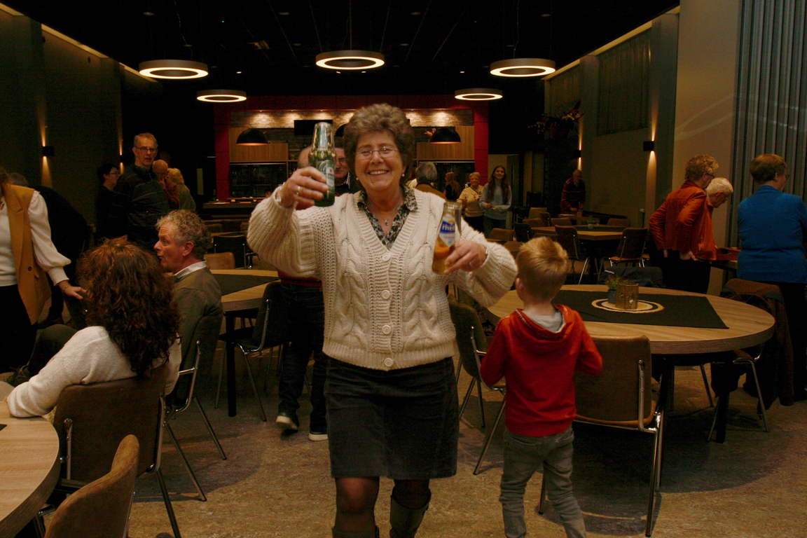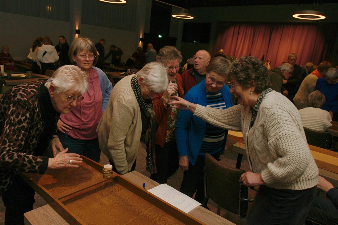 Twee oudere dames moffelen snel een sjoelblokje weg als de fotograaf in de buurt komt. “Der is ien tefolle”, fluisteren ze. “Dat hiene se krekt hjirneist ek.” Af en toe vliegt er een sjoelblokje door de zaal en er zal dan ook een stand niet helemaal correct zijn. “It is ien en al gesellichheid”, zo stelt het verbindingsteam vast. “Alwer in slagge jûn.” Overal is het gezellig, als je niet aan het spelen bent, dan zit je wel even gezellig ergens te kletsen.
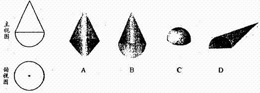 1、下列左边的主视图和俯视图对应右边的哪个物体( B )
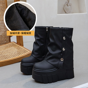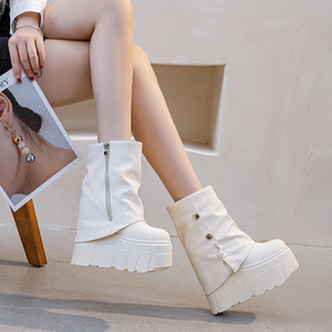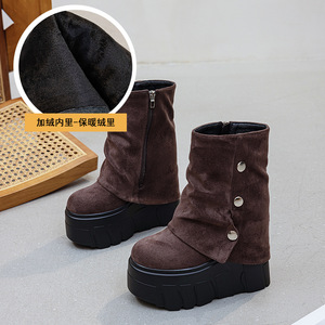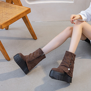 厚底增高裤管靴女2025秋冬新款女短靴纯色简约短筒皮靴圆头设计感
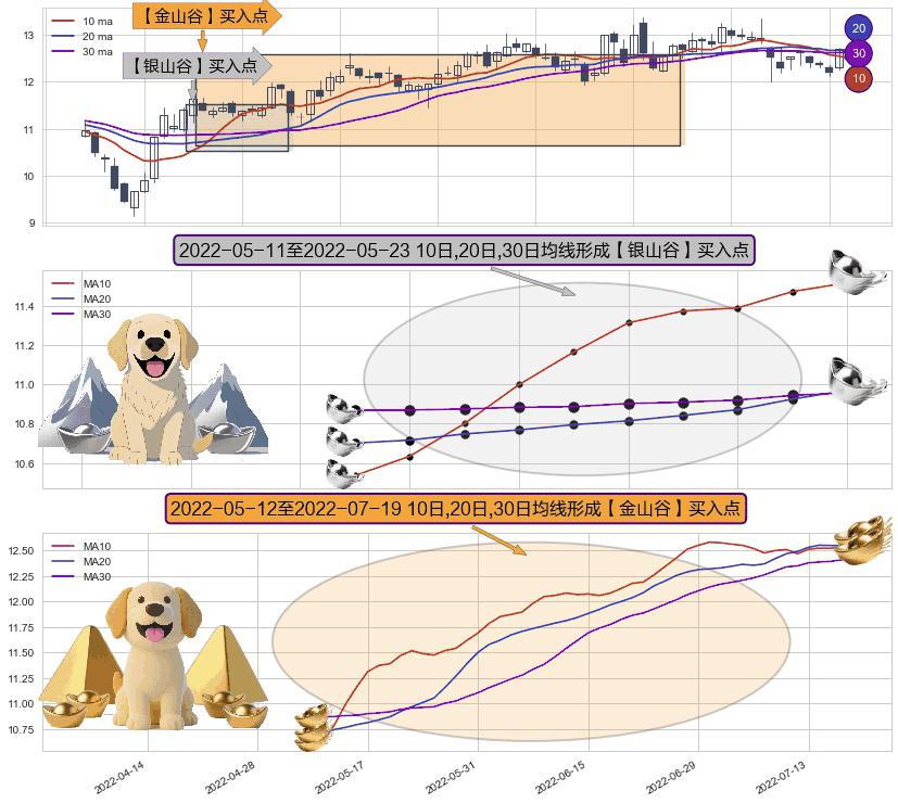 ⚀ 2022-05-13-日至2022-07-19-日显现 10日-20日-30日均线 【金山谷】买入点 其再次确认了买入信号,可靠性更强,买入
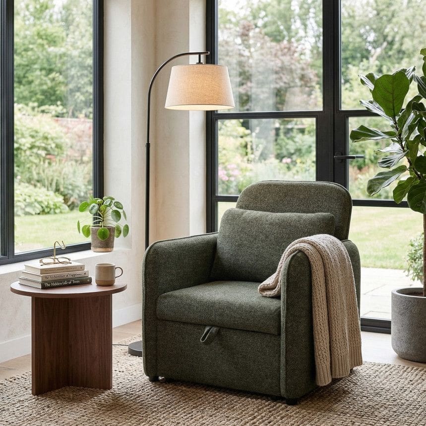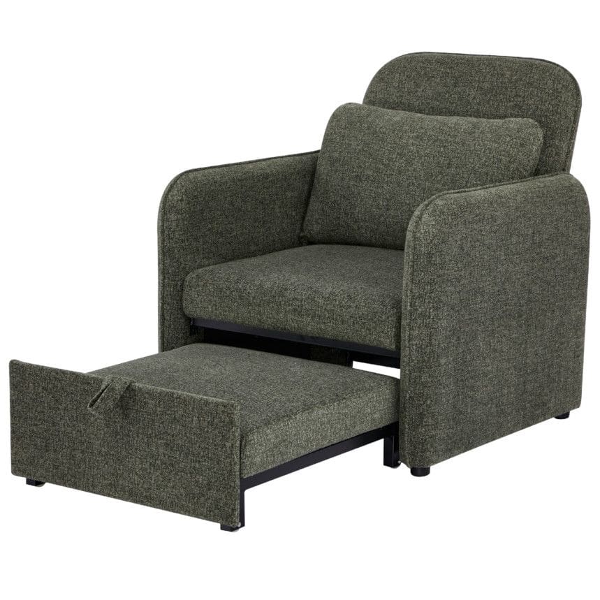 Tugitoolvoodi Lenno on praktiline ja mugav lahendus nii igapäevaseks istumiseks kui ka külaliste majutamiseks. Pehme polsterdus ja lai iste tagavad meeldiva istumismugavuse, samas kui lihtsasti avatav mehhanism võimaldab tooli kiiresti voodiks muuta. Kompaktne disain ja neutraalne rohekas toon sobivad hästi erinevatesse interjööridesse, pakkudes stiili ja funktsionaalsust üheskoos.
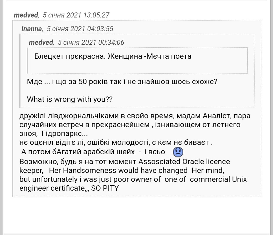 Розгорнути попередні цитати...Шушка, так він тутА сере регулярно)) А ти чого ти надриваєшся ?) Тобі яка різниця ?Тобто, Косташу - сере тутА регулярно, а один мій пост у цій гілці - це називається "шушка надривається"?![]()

· · · · ·

ASSIGNED TASK
Which lines run from the one containing "10日-20日-30日均线 【金山谷】买入点 其再次确认了买入信号,可靠性更强,买入" through the last line of the entries above? Output them exactly, both ends included, with no pictures.

WRITTEN SOLUTION
 ⚀ 2022-05-13-日至2022-07-19-日显现 10日-20日-30日均线 【金山谷】买入点 其再次确认了买入信号,可靠性更强,买入
 Tugitoolvoodi Lenno on praktiline ja mugav lahendus nii igapäevaseks istumiseks kui ka külaliste majutamiseks. Pehme polsterdus ja lai iste tagavad meeldiva istumismugavuse, samas kui lihtsasti avatav mehhanism võimaldab tooli kiiresti voodiks muuta. Kompaktne disain ja neutraalne rohekas toon sobivad hästi erinevatesse interjööridesse, pakkudes stiili ja funktsionaalsust üheskoos.
 Розгорнути попередні цитати...Шушка, так він тутА сере регулярно)) А ти чого ти надриваєшся ?) Тобі яка різниця ?Тобто, Косташу - сере тутА регулярно, а один мій пост у цій гілці - це називається "шушка надривається"?![]()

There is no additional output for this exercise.